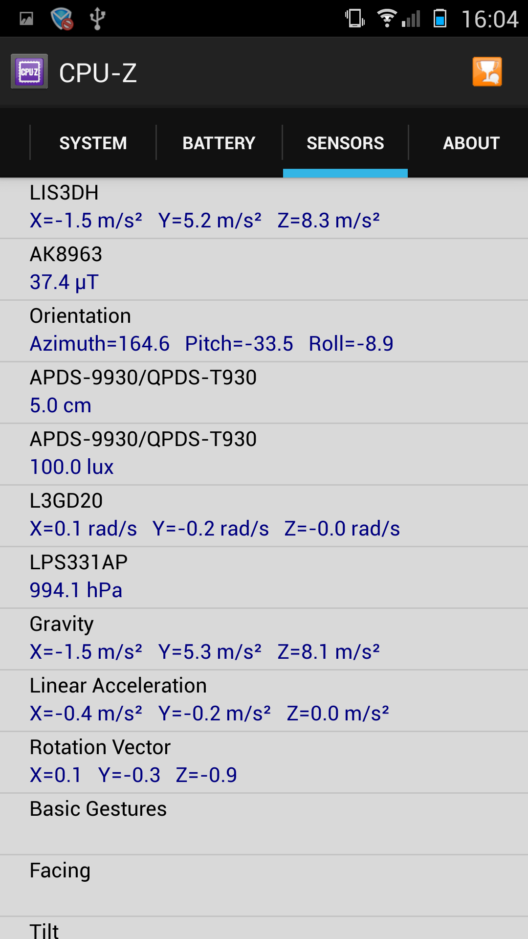 - Акселерометр, датчик приближения, освещенности, гироскоп
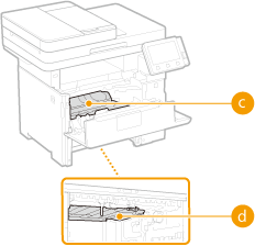 عند إزالة الورق المحشور، لا تقم بإيقاف تشغيل الجهازسيؤدي إيقاف تشغيل الجهاز إلى حذف البيانات التي تتم طباعتها. كن حذرًا وخصوصًا عند استلام مستندات بالفاكس.
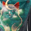 Dámský pěkný, tlustý, měkký šátek s potiskem chrání krk proti chladu a přináší teplo, motiv kočky a měsíce
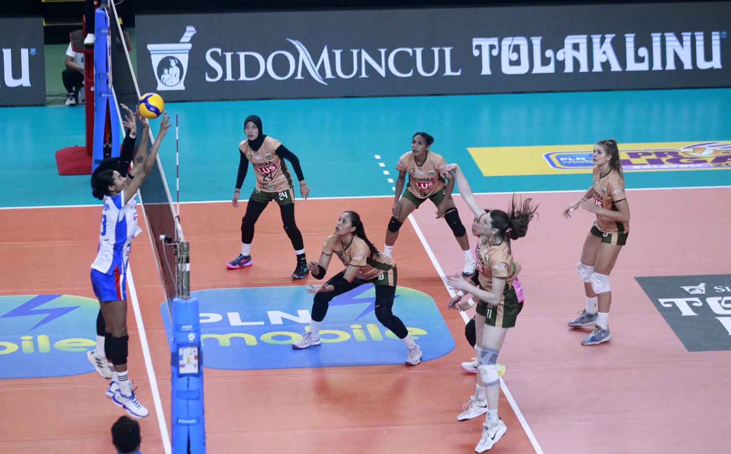 TIM voli putri Gresik Petrokimia Pupuk Indonesia berhasil mencetak kemenangan dramatis atas Jakarta Pertamina Enduro dalam laga seri I final four PLN Mobile Proliga 2025.
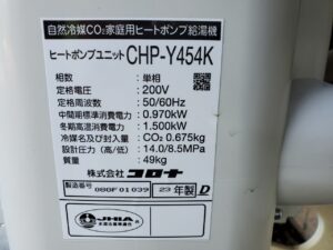 羽後町 コロナ自然冷媒CO2家庭用ヒートポンプ給湯機 ヒートポンプユニットCHP-Y454K エコキュート交換工事
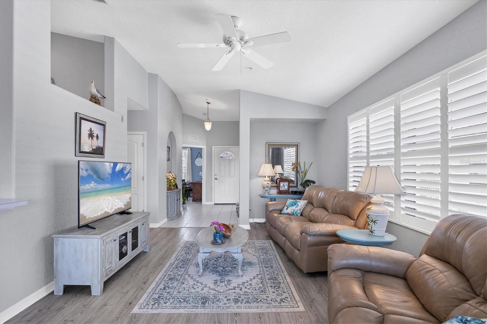 Live the Gulf Coast lifestyle at Casa Di Amici, a stylish second-floor end unit condominium in the lovely gated community of Venetia in Venice. With 1,383 square feet of well-designed living space, this three-bedroom, two-bath home offers a seamless blend of comfort and serenity in a beautiful lakeside setting. Start your mornings on the private screened lanai with serene water views or unwind beneath soaring cathedral ceilings in the open-concept living area. The kitchen is thoughtfully equipped with stainless steel appliances, making everyday living and casual entertaining effortless. The split-bedroom layout ensures privacy, with the primary suite featuring a walk-in closet and an en-suite bath with dual vanities. Ceramic tile and vinyl flooring flow through the main living spaces, while carpet and spa-inspired paint tones in the bedrooms create a soothing, move-in-ready retreat. Many upgrades including a new air-conditioningunit (2024), offering comfort and peace of mind. Some furniture included with the purchase. Residents enjoy resort-style amenities including three heated pools, fitness center, clubhouse and courts for tennis, pickleball, basketball and bocce. A one-car garage and additional outdoor parking enhance convenience. ust four miles from Gulf beaches and minutes from downtown Venice, this residence offers proximity to award-winning golf, dining, shopping and year-round recreation. Schedule your private tour today and see why Casa di Amici residents love the Venetia Community so much!
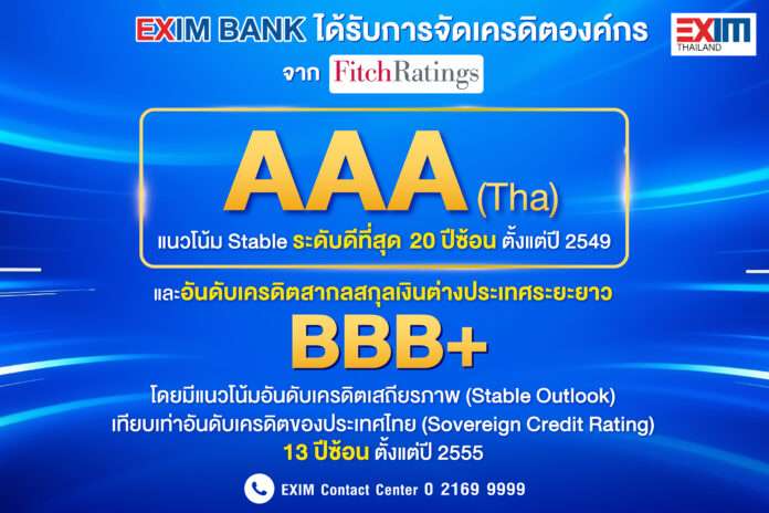 EXIM BANK โชว์สถานะทางการเงินแข็งแกร่ง คงอันดับเครดิตสูงสุดในประเทศ ระดับ AAA(tha) ต่อเนื่องเป็นปีที่ 20
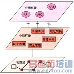 从图1中可看出基于IP技术的网络架构使得用户在2G、3G、4G、WLAN、固定网之间无缝漫游可以实现。我们可将系统网络体系结构分为三层,如图2所示:
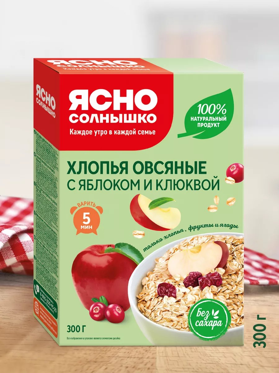 Ясно Солнышко Хлопья овсяные с клюквой и яблоком диетические 300 г
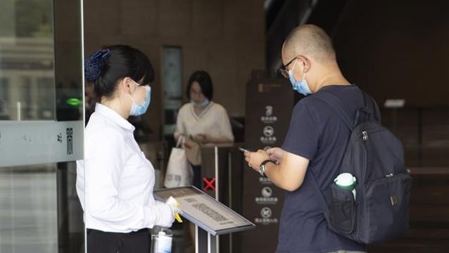5月17日,在江西省博物館新館,參觀者入館前測量體溫。

→ Goal of the exercise
Please reproduce, word for word, every line from the first line of the records above through the line containing "Dámský pěkný, tlustý, měkký", and leave out the pictures.

→ Task solution
 - Акселерометр, датчик приближения, освещенности, гироскоп
 عند إزالة الورق المحشور، لا تقم بإيقاف تشغيل الجهازسيؤدي إيقاف تشغيل الجهاز إلى حذف البيانات التي تتم طباعتها. كن حذرًا وخصوصًا عند استلام مستندات بالفاكس.
 Dámský pěkný, tlustý, měkký šátek s potiskem chrání krk proti chladu a přináší teplo, motiv kočky a měsíce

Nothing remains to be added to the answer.